The Billionaire's Christmas Baby

By: Victoria James

“Do you, uh, want me to hold something for you?” Hannah almost smiled at the horror embedded in the strong lines of his face. He stared at all her bags, holding the car seat awkwardly.

“I’m okay.”

“Follow in my footsteps, and hurry.”

Hannah would have given him a salute had her hands not been full with all the baby gear. She got a tiny jolt of satisfaction by deciding not to tell him that he could have held the carrier by the handle, making it much easier. He glanced behind him a few times, no doubt making sure she hadn’t fallen headfirst into a snowdrift. When they reached the porch he actually held the door open and waited for her to pass through.

Hannah walked into the house and quickly put down the heavy bags while Jackson closed the door against the harsh wind and they both stomped their feet on the sea grass rug, neither of them saying anything. The warm blast of heat comforted her, like she had walked into a friend’s house, except Jackson’s unsettling presence made it painfully clear that this was nothing of the sort.

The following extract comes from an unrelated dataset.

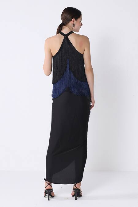 Black satin top featuring an ombre fringed pattern and a halter neckline. Accompanied by a hand-draped skirt with a side zipper closure.

“What should I do with this?”

“Oh here, I’ll take her,” Hannah said, slowly taking Emily’s car seat and placing it on the ground. She crouched down and removed the blanket as Jackson watched. She never could stop the smile that came naturally whenever she saw Emily. The baby still slept soundly, bundled in her pink fuzzy bunting bag.

She jumped, startled, as a shaggy, excited dog came barreling over to her. Emily didn’t even flinch.

“Charlie, sit.” The dog answered with what appeared to be all of his self control as his tail wagged and thumped against the floor. Hannah laughed when he disobeyed Jackson and accosted her with unabashed licks and jumps when she held out her hand to him.

“Who is this?” She chuckled as she patted his clean but very messy fur.

“Charlie. My very undisciplined dog.” Jackson shrugged out of his coat, the tension in his faced even more pronounced. Charlie wasn’t exactly the type of dog she’d picture him owning. Jackson was more the Rottweiler type. She continued to study him. He was intimidating in that I’m-so-confident-I-don’t-have-to-be-nice sort of way, with tight, pent-up hostility.

His features were rugged. His nose was perfect except for a bump that her years in social work told her had been broken once or twice. She could see how someone might want to punch him. He kept himself in peak physical shape. The broad shoulders were obviously thick with muscle and his wide chest easily outlined in the navy blue Henley shirt he wore. Not really the type of physique she’d expect for a computer guy. He was confident and arrogant, not a man to back down. Not the type of man she pictured with an infant. But Louise had been clear in her instructions and she obviously had faith in Jackson. Hannah had to remember that.

“Okay, Charlie, leave her alone.” Jackson came over to brush Charlie away from her.

“He’s very sweet,” she murmured as Charlie settled down at her feet, still looking at her face as though he wanted to lap it up like an ice cream cone.

Jackson gave a terse nod, looking at the dog and not her. “He’s got a good disposition.”

“Have you had him long?”

“Almost ten years.”

“He seems very friendly.”

“He was a stray, a mutt. He found me and wouldn’t leave me alone.”

Her heart swelled. Wheels were spinning in her head. This was good. Very good. “Really? He was a stray?”

Jackson’s eyes narrowed. Oops. She obviously sounded a little too ecstatic. She gave him a wan smile and took off her soggy mitts. She could tell he didn’t know what to make of her reaction and he didn’t want to expand his story about Charlie. It was still good news. Anyone who had enough compassion to take in an abandoned dog and adopt him couldn’t be entirely evil. Okay, so Jackson was a little standoffish and obviously arrogant, but maybe all hope was not lost. If a shaggy dog could melt his heart, then surely an adorable little baby girl wouldn’t be a problem.

“Let me take your coat.”

“Sure, thanks.” Hannah unbuttoned her coat and placed it in his outstretched hands, carefully avoiding any contact with him. She looked around the room while she pulled off her soaked boots. She was very aware of how cold her feet and legs were, and now that the snow on her jeans had melted, they felt like wallpaper paste had been plastered to her legs.

She looked around while he went to stoke the fire. A high peaked ceiling with wood beams made the room seem large, with a massive field stone fireplace as the focal point. A large, mahogany farmhouse table was in the center of eight chocolate brown leather armchairs, placed in a conversational formation in front of the fire. She had a hard time imagining him entertaining a large group of friends—or even one friend for that matter. But there was plenty of room for a baby. Hannah glanced over at Emily and made her a promise. I’m going to do this, Emily. I’m going to get your uncle to love you and adopt you.